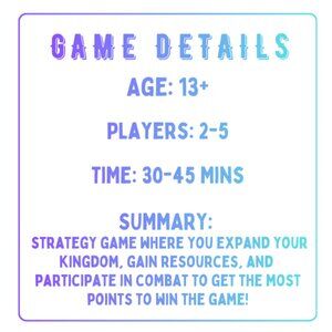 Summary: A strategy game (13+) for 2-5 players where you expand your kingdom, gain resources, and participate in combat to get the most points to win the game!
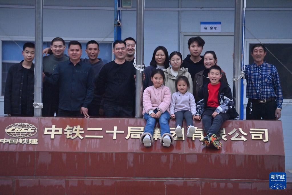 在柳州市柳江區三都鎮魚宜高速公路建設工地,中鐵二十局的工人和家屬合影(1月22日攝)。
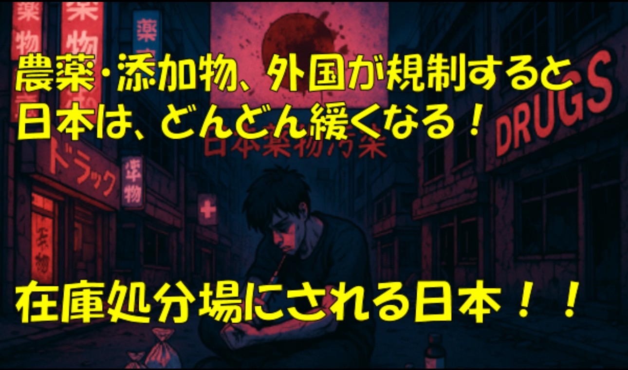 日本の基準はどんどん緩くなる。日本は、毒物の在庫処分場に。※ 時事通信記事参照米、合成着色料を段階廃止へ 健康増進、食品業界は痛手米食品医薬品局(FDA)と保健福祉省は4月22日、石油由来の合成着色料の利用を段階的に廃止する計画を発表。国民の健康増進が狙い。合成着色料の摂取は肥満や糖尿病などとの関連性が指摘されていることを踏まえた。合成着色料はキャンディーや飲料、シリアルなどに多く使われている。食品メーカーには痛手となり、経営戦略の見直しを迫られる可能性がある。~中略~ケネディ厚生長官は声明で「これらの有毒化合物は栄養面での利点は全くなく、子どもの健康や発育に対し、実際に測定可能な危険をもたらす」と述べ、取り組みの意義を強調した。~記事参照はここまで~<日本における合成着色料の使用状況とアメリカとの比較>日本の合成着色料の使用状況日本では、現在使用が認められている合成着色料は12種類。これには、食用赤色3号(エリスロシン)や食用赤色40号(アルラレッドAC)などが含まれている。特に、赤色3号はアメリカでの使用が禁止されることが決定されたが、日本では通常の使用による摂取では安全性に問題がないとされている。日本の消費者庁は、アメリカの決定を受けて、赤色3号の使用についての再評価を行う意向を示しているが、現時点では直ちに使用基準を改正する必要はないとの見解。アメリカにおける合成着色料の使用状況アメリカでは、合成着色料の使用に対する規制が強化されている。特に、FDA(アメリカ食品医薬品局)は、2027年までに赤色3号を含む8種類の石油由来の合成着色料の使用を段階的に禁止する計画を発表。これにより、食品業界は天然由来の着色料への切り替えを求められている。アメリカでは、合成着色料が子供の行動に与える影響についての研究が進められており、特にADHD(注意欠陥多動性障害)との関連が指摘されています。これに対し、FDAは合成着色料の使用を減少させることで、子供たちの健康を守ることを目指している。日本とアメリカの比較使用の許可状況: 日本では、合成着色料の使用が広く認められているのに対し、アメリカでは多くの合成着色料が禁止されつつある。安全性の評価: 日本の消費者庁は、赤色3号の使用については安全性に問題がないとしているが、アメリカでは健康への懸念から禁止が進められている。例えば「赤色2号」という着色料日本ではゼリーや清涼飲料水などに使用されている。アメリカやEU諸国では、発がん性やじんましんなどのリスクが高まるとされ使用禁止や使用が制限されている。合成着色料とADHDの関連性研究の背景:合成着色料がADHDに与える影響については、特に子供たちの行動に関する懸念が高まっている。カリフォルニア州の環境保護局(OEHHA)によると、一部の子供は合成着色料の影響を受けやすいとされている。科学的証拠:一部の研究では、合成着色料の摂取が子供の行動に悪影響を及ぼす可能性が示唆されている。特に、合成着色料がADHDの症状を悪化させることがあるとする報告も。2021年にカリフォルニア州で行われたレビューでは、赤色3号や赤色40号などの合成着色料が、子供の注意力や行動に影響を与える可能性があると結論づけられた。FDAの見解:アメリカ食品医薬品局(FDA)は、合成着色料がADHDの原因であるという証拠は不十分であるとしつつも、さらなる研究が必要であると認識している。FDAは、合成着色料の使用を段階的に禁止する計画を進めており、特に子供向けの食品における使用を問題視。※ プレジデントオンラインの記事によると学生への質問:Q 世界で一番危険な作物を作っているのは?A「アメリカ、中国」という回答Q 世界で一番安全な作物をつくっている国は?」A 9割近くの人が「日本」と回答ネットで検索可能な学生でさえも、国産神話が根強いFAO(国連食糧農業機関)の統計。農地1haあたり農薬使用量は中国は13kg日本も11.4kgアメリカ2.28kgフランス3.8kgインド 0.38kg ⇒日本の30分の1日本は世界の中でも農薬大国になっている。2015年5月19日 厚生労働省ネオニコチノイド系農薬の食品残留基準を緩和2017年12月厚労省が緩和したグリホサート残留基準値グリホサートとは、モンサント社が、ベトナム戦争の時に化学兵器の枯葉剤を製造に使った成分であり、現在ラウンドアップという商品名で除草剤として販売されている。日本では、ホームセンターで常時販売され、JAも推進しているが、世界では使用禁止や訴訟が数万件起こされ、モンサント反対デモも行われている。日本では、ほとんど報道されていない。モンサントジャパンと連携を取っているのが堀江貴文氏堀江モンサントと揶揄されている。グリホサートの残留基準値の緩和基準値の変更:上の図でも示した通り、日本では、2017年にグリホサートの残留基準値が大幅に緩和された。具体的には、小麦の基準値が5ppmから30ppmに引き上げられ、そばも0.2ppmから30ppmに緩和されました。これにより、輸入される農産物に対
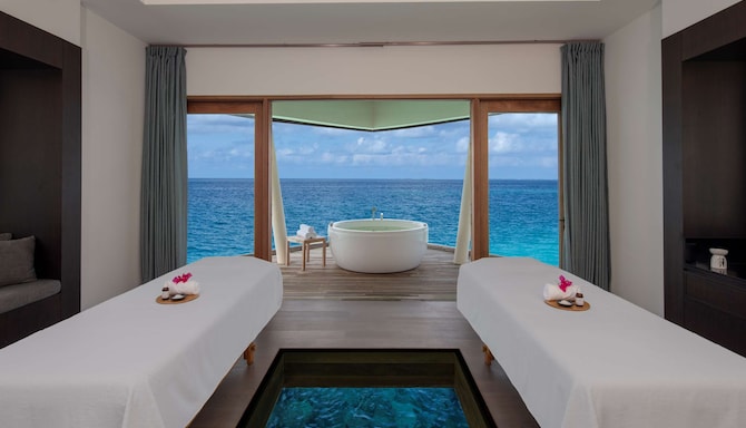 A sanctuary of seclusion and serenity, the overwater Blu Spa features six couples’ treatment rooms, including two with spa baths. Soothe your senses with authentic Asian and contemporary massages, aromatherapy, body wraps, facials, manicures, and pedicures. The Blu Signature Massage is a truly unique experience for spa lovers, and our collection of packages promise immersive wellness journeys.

**Your instructions**
Take the listing above and print it exactly, apart from the pictures.

**Answer to the problem**
 Summary: A strategy game (13+) for 2-5 players where you expand your kingdom, gain resources, and participate in combat to get the most points to win the game!
 在柳州市柳江區三都鎮魚宜高速公路建設工地,中鐵二十局的工人和家屬合影(1月22日攝)。
 日本の基準はどんどん緩くなる。日本は、毒物の在庫処分場に。※ 時事通信記事参照米、合成着色料を段階廃止へ 健康増進、食品業界は痛手米食品医薬品局(FDA)と保健福祉省は4月22日、石油由来の合成着色料の利用を段階的に廃止する計画を発表。国民の健康増進が狙い。合成着色料の摂取は肥満や糖尿病などとの関連性が指摘されていることを踏まえた。合成着色料はキャンディーや飲料、シリアルなどに多く使われている。食品メーカーには痛手となり、経営戦略の見直しを迫られる可能性がある。~中略~ケネディ厚生長官は声明で「これらの有毒化合物は栄養面での利点は全くなく、子どもの健康や発育に対し、実際に測定可能な危険をもたらす」と述べ、取り組みの意義を強調した。~記事参照はここまで~<日本における合成着色料の使用状況とアメリカとの比較>日本の合成着色料の使用状況日本では、現在使用が認められている合成着色料は12種類。これには、食用赤色3号(エリスロシン)や食用赤色40号(アルラレッドAC)などが含まれている。特に、赤色3号はアメリカでの使用が禁止されることが決定されたが、日本では通常の使用による摂取では安全性に問題がないとされている。日本の消費者庁は、アメリカの決定を受けて、赤色3号の使用についての再評価を行う意向を示しているが、現時点では直ちに使用基準を改正する必要はないとの見解。アメリカにおける合成着色料の使用状況アメリカでは、合成着色料の使用に対する規制が強化されている。特に、FDA(アメリカ食品医薬品局)は、2027年までに赤色3号を含む8種類の石油由来の合成着色料の使用を段階的に禁止する計画を発表。これにより、食品業界は天然由来の着色料への切り替えを求められている。アメリカでは、合成着色料が子供の行動に与える影響についての研究が進められており、特にADHD(注意欠陥多動性障害)との関連が指摘されています。これに対し、FDAは合成着色料の使用を減少させることで、子供たちの健康を守ることを目指している。日本とアメリカの比較使用の許可状況: 日本では、合成着色料の使用が広く認められているのに対し、アメリカでは多くの合成着色料が禁止されつつある。安全性の評価: 日本の消費者庁は、赤色3号の使用については安全性に問題がないとしているが、アメリカでは健康への懸念から禁止が進められている。例えば「赤色2号」という着色料日本ではゼリーや清涼飲料水などに使用されている。アメリカやEU諸国では、発がん性やじんましんなどのリスクが高まるとされ使用禁止や使用が制限されている。合成着色料とADHDの関連性研究の背景:合成着色料がADHDに与える影響については、特に子供たちの行動に関する懸念が高まっている。カリフォルニア州の環境保護局(OEHHA)によると、一部の子供は合成着色料の影響を受けやすいとされている。科学的証拠:一部の研究では、合成着色料の摂取が子供の行動に悪影響を及ぼす可能性が示唆されている。特に、合成着色料がADHDの症状を悪化させることがあるとする報告も。2021年にカリフォルニア州で行われたレビューでは、赤色3号や赤色40号などの合成着色料が、子供の注意力や行動に影響を与える可能性があると結論づけられた。FDAの見解:アメリカ食品医薬品局(FDA)は、合成着色料がADHDの原因であるという証拠は不十分であるとしつつも、さらなる研究が必要であると認識している。FDAは、合成着色料の使用を段階的に禁止する計画を進めており、特に子供向けの食品における使用を問題視。※ プレジデントオンラインの記事によると学生への質問:Q 世界で一番危険な作物を作っているのは?A「アメリカ、中国」という回答Q 世界で一番安全な作物をつくっている国は?」A 9割近くの人が「日本」と回答ネットで検索可能な学生でさえも、国産神話が根強いFAO(国連食糧農業機関)の統計。農地1haあたり農薬使用量は中国は13kg日本も11.4kgアメリカ2.28kgフランス3.8kgインド 0.38kg ⇒日本の30分の1日本は世界の中でも農薬大国になっている。2015年5月19日 厚生労働省ネオニコチノイド系農薬の食品残留基準を緩和2017年12月厚労省が緩和したグリホサート残留基準値グリホサートとは、モンサント社が、ベトナム戦争の時に化学兵器の枯葉剤を製造に使った成分であり、現在ラウンドアップという商品名で除草剤として販売されている。日本では、ホームセンターで常時販売され、JAも推進しているが、世界では使用禁止や訴訟が数万件起こされ、モンサント反対デモも行われている。日本では、ほとんど報道されていない。モンサントジャパンと連携を取っているのが堀江貴文氏堀江モンサントと揶揄されている。グリホサートの残留基準値の緩和基準値の変更:上の図でも示した通り、日本では、2017年にグリホサートの残留基準値が大幅に緩和された。具体的には、小麦の基準値が5ppmから30ppmに引き上げられ、そばも0.2ppmから30ppmに緩和されました。これにより、輸入される農産物に対
 A sanctuary of seclusion and serenity, the overwater Blu Spa features six couples’ treatment rooms, including two with spa baths. Soothe your senses with authentic Asian and contemporary massages, aromatherapy, body wraps, facials, manicures, and pedicures. The Blu Signature Massage is a truly unique experience for spa lovers, and our collection of packages promise immersive wellness journeys.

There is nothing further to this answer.